AVI linked a post by Earl Wajenberg that examines the treatment of slavery in various parts and eras of Biblical society. While his thrust is chiefly moral rather than historical, the treatment of pre-Roman Biblical society reminded me of my historical studies into feudalism and vassalage.
There is a word which is contextually translated ‘slave’, but it means just a ‘worker’ or a subordinate. This word is ‘ebed’.... In Near Eastern Bronze Age societies, everyone was the subject of someone, and everyone except the lowest tier had someone else as their subject. The ‘lord’ was the ‘adon’ (in Hebrew—other languages had the same system but different words). The ‘subject’ was the ‘ebed’.
Normally, the adon took on obligations in regard to the ebed, typically of protection and advancement, and the ebed took on obligations in regard to the adon, typically in regard to services rendered and honour due, though it might be taxes or profit-sharing.
High status was conferred by having a high-status adon, and by being given a high role in his entourage....
There is a careful breakdown of different types of this relationship, with very different levels of honor and status. In later, post-Roman society slavery was a legal institution governed by Roman law. He details this as well.
The relationship he describes between the 'adon' and 'ebed' is roughly analogous to the relationship in feudalism between the 'suzerain' and the 'vassal.' When reading chivalric romance from the High Middle Ages, our own cultural assumption that freedom is the most desirable state is often called into question. In England, there are free men of various sorts; they are often of Anglo-Saxon heritage and not very high up at all in the social structure; the most prestigious are the "franklins," formerly thanes, who inherited knightly levels of privilege from the Norman Conquest and its subsequent peace.
Yet you frequently read of knights addressing men as "Vassal," and are mistaken if you think they are talking down to them as servants. Rather, they are acknowledging that -- rather than a mere freeman, who can come or go as he likes but has no secure social position -- this person has established a prestigious relationship with a nobleman. A vavasour, in the literature, is generally a figure of quite high respect: he is a vassal who also keeps his own subordinate vassals, and outranks the knights he encounters socially.
Also, just as he describes marriage as a special case of the adon/ebed relationship, in feudal society the marriage relationship among the nobility increasingly took elements from the homage ceremony between knights and their lords. This was partly because of the increased prestige of knighthood resulting from the chivalric literature: nobles, who cleanly outranked knights, increasingly found themselves being knighted or seeking to join knightly orders (like the Order of the Garter) established by the royalty.

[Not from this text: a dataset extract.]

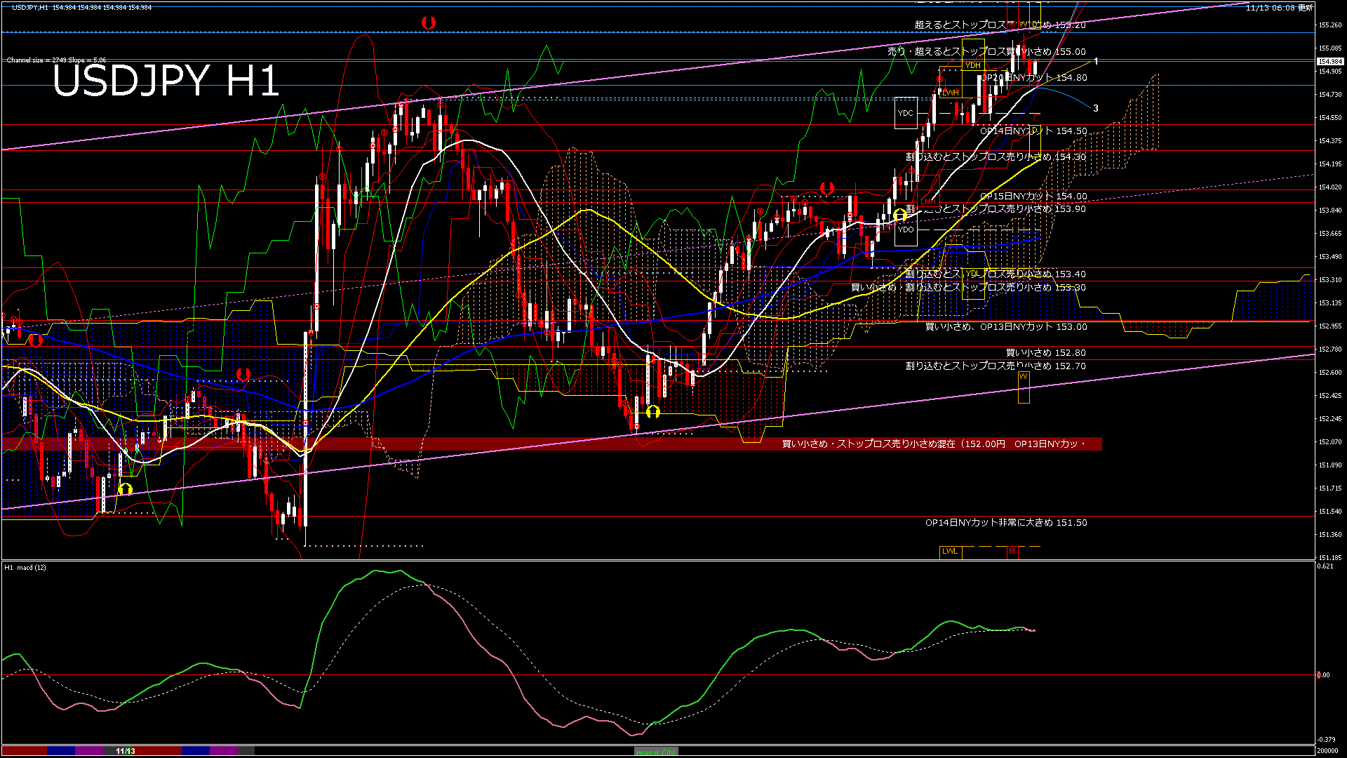 USDJPY-H1移動平均線と現在値(RSI)-2024.11.13 20:00:00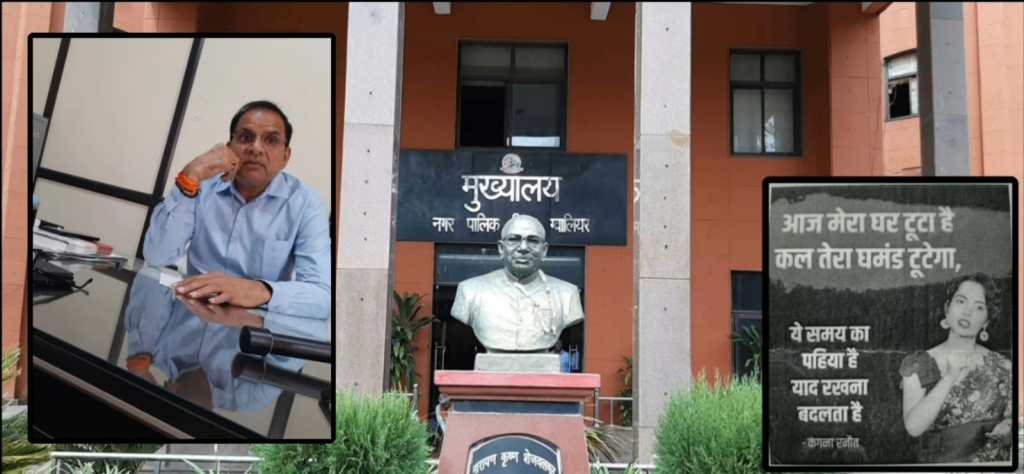 लोकमत सत्याग्रह , अंशुल मित्तल, ग्वालियरग्वालियर नगर निगम में एक अधिकारी जोकि इमेज तो एंग्री मैन की रखते हैं लेकिन असलियत यह है कि एंग्री मैन की इमेज इसलिए बना रखी है ताकि कोई सवाल ना पूछ सके। उदाहरण के तौर पर नगर निगम का संपत्तिकर घोटाला, जिसमें संपत्तिकर अधिकारियों द्वारा अपने अधिकारों का दुरुपयोग करते हुए सरकारी जमीनों की संपत्ति कर आईडी अन्य निजी व्यक्तियों के नाम से बनाकर शासन को करोड़ों का चूना लगाया, उपायुक्त को उस घोटाले की संपूर्ण जानकारी होते हुए भी, मामले को तकरीबन 6 महीने से दबाकर रखा गया और दोषियों को दिया गया संरक्षण। एक वीडियो स्टिंग के अनुसार संपत्ति कर घोटाले की बिंदुवार और संपूर्ण जानकारी उपायुक्त ए पी एस भदौरिया को 6 महीने पहले ही दी जा चुकी थी, और उपायुक्त ने माना था कि यह एक बड़ा घोटाला है जिसमें दोषियों पर तुरंत कार्यवाही होनी चाहिए। लेकिन मामले की लिखित शिकायत होने और निगम आयुक्त द्वारा उपायुक्त ए पी एस भदौरिया को जांच दिए जाने के बावजूद किसी भी दोषी पर कोई कार्यवाही नहीं की गई। आपको बता दें कि इस घोटाले के कुछ सूत्रधार सेवानिवृत्त होकर गंगा नहा चुके हैं और बाकी के तेजी से रिटायरमेंट की तरफ बढ़ रहे हैं। लेकिन इस संगीन मामले पर निगम के जिम्मेदारों ने कोई सुध नहीं ली, जिसे फर्जीवाड़ा किए जाने की मौन स्वीकृति समझना गलत नहीं होगा!

Much as the society depicted in Starship Troopers elevates those who serve -- "Service Guarantees Citizenship" -- ancient and medieval societies often found themselves valorizing services of certain kinds, especially of course military services. Even nearby societies that did honor freedom still honored service to clan and kin -- as in Lawrence of Arabia where the sheikh rejects the idea that he is a 'servant' who is paid 'a servant's wages,' but proclaims instead that he is paid well but is poor "because I am a river to my people!" He does not 'serve' the Turks, and is free to pursue what he calls 'his pleasure,' yet his honor is entirely tied up with the service he provides to his tribe.
2 comments:
Fascinating!
Back in the fall I read a book about Thraldom, and all the problems archaeologists and historians have with defining and pinning down "slavery" in Iron Age and Medieval Scandinavia. Unless a person was very unusual, he or she was controlled in some way by another person. The degree of control, and the rights the subordinate had, varied so much that heated arguments are ongoing as to whether Vikings and others had chattel slaves, or sold slaves but didn't keep them, or if thralls and others count as "slave-slaves" or something else again.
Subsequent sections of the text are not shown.